The Flight, Watercolor and Ink

This watercolor painting, The Flight, was completed as a two-step maneuver. First, I laid out the background to the painting as wet-on-wet watercolors, so that the ocean, beach sand and light would move back and forth as a series of reflections. Once dried, I superimposed the birds in flight, using a combination of watercolor and ink.

In my earlier attempts to paint these birds, I figured out their positions and got them arranged and interacting with the water in useful ways, but still felt that there was more to do than simply positioning. Somehow, the division between birds and water held and I wanted them to be more intertwined. I wanted the birds to be in transition to flight and to represent this by mixing the various approaches to water, the concept of time, the colors of reflections, making it more chaotic. This time, I feel that I got the movement back into the painting as I had initially wanted.
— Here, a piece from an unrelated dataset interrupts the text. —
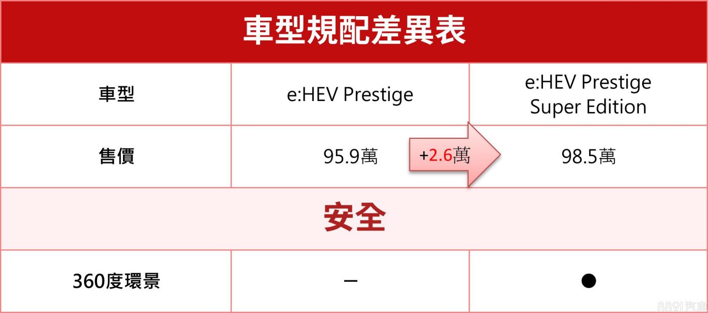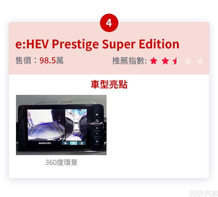車系頂規的e:HEV Prestige Super Edition,多了前置+兩側後視鏡鏡頭,構成360度環景攝影,能在停車或會車時,提供視野輔助。不過加價2.6萬有點小貴,且這配備需求也是因人而異。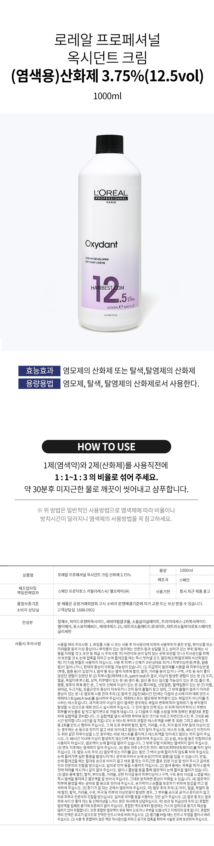 옥시던트 크림 3.75% 산화제 1000ml

Using this same technique of wet-on-wet followed by ink, I also painted the birds in a more regal way, as they stand, pre-positioned in the water for flight, but not yet moving. The colors of the background are less agitated with reds, and the birds are positioned more stably in the water.

What did I learn from this exercise? I learned that it takes patience to incorporate new techniques into paintings.

I feel that I am finally back on track for painting with my natural style, but with the privilege of understanding some new techniques recently learned from exchanges with other painters. Taking lessons and studying under other painters both digs up new ideas, and also dredges up old habits, allowing these new ideas and old habits to interact, creating new opportunities, but also feelings of frustration.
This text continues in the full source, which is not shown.